EXTRACTED DATA:
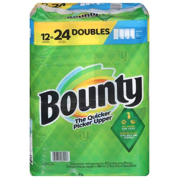 • Pack contains 12 Double Rolls of white Bounty Select-A-Size Paper Towels
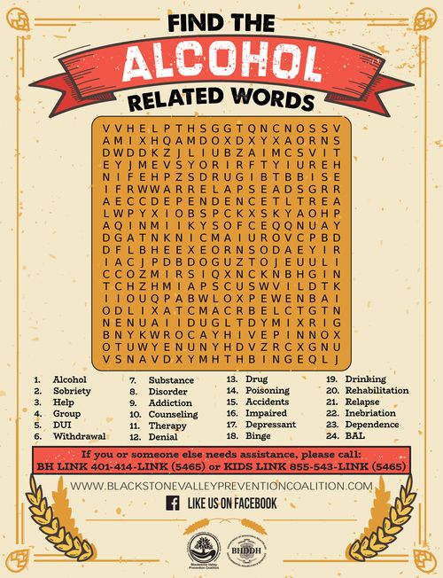 Download a copy of our Alcohol Word Find activity here. Enjoy and remember.....let's take care of ourselves!
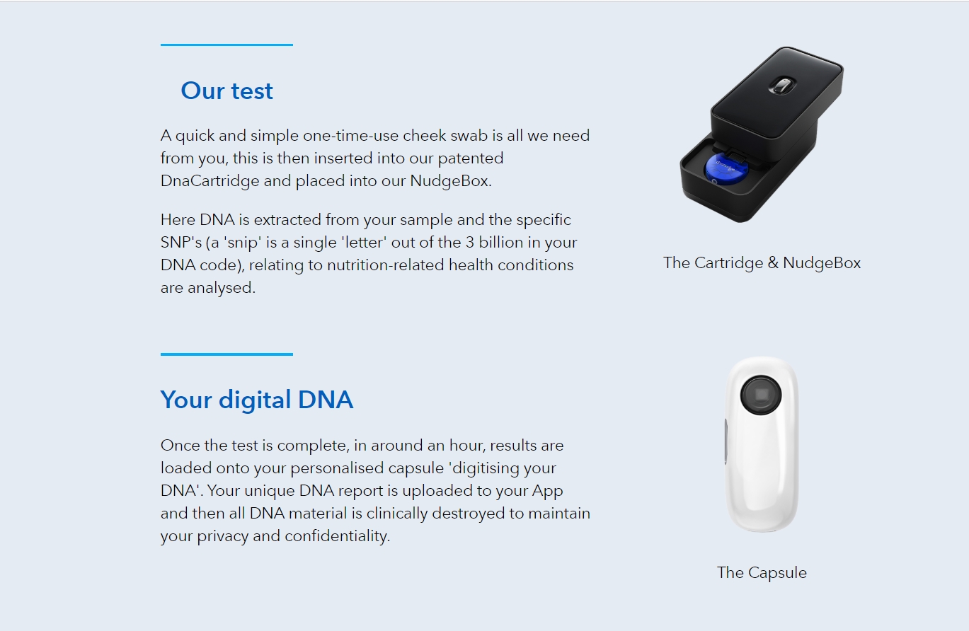ถือเป็นการปรับพฤติกรรมในการทานอาหารที่จะมีผลดีต่อสุขภาพของเราในระยะยาว คือ ทานอาหารให้เป็นยา เพื่อป้องกันไม่ให้เราต้องทานยาเป็นอาหารในอนาคต ดิฉันมองว่า ตรงนี้ทำให้เราสามารถเลือกบริโภคอาหารเพื่อสุขภาพได้อย่างน่าสนใจทีเดียวค่ะ หากใครสนใจที่จะทดสอบ DNA ก็สามารถแวะมาที่ ร้าน DNA nudge ย่าน Covent Garden เมืองลอนดอน ประเทศอังกฤษ และเข้าไปดูรายละเอียดเพิ่มตามนี้ได้เลยนะคะ" (https://www.dnanudge.com/en/About-Us)
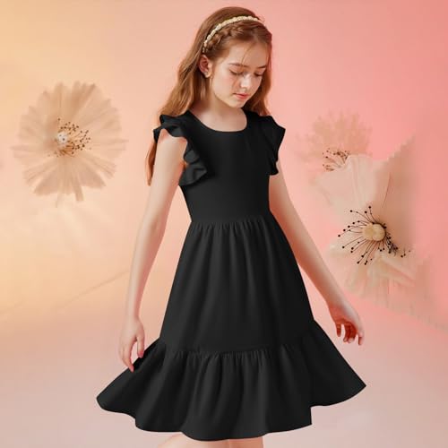 • 【Comfortable Design】 - This sundress features a loose fit and is made from soft, breathable fabric for a cozy feel. The crew neck and ruffle flutter sleeve add an elegant touch,making it perfect for your little girl to enjoy during summer days.Our girls dress is stretchy, and skin-friendly fabric, ensuring all-day comfort for your little one
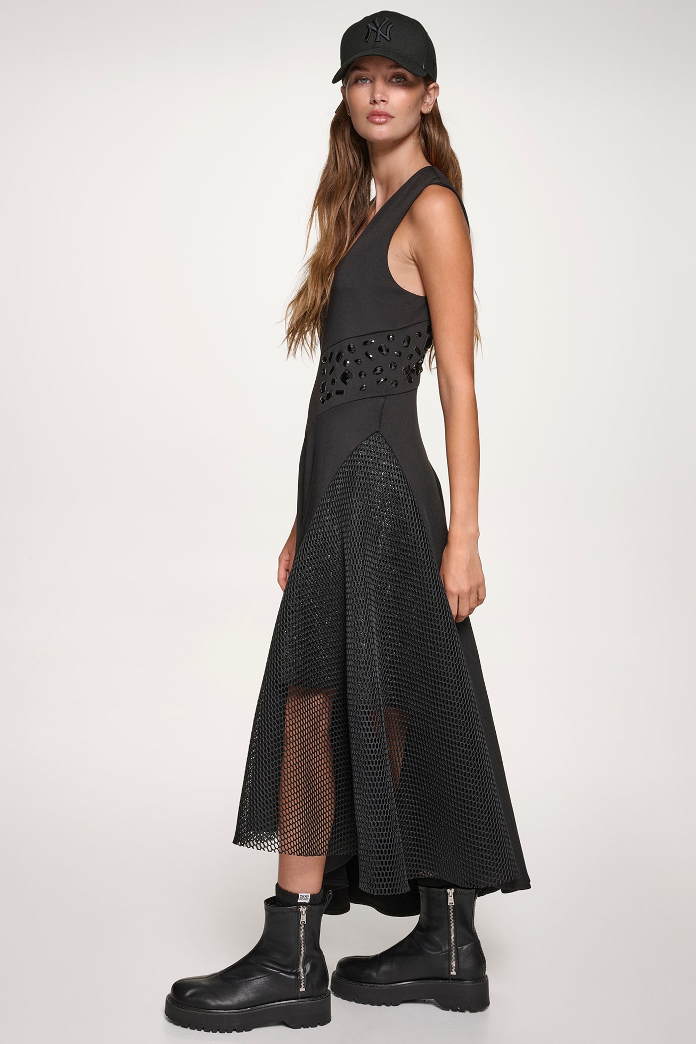 SLEEVELESS MIX MEDIA PANEL DRESS
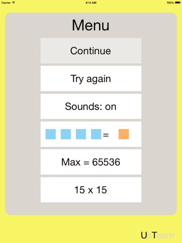 - 15 x 15: every step adds 5 cells - Reach 32768 or 65536!
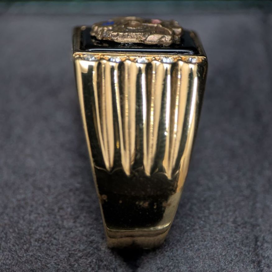 本品はアメリカ国内向けに製造されたミリタリージュエリーで、カレッジリングやクラスリングに通じる重厚な造形が特徴。
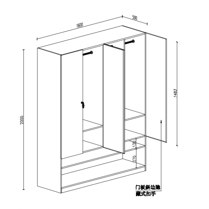 客户需求:备注:扣手采用门边隐藏式扣手,柜门带锁

PROBLEM DETAILS: Give every line of the listing above again, exactly, with no images.

RESULT OF THE EXERCISE:
 • Pack contains 12 Double Rolls of white Bounty Select-A-Size Paper Towels
 Download a copy of our Alcohol Word Find activity here. Enjoy and remember.....let's take care of ourselves!
ถือเป็นการปรับพฤติกรรมในการทานอาหารที่จะมีผลดีต่อสุขภาพของเราในระยะยาว คือ ทานอาหารให้เป็นยา เพื่อป้องกันไม่ให้เราต้องทานยาเป็นอาหารในอนาคต ดิฉันมองว่า ตรงนี้ทำให้เราสามารถเลือกบริโภคอาหารเพื่อสุขภาพได้อย่างน่าสนใจทีเดียวค่ะ หากใครสนใจที่จะทดสอบ DNA ก็สามารถแวะมาที่ ร้าน DNA nudge ย่าน Covent Garden เมืองลอนดอน ประเทศอังกฤษ และเข้าไปดูรายละเอียดเพิ่มตามนี้ได้เลยนะคะ" (https://www.dnanudge.com/en/About-Us)
 • 【Comfortable Design】 - This sundress features a loose fit and is made from soft, breathable fabric for a cozy feel. The crew neck and ruffle flutter sleeve add an elegant touch,making it perfect for your little girl to enjoy during summer days.Our girls dress is stretchy, and skin-friendly fabric, ensuring all-day comfort for your little one
 SLEEVELESS MIX MEDIA PANEL DRESS
 - 15 x 15: every step adds 5 cells - Reach 32768 or 65536!
 本品はアメリカ国内向けに製造されたミリタリージュエリーで、カレッジリングやクラスリングに通じる重厚な造形が特徴。
 客户需求:备注:扣手采用门边隐藏式扣手,柜门带锁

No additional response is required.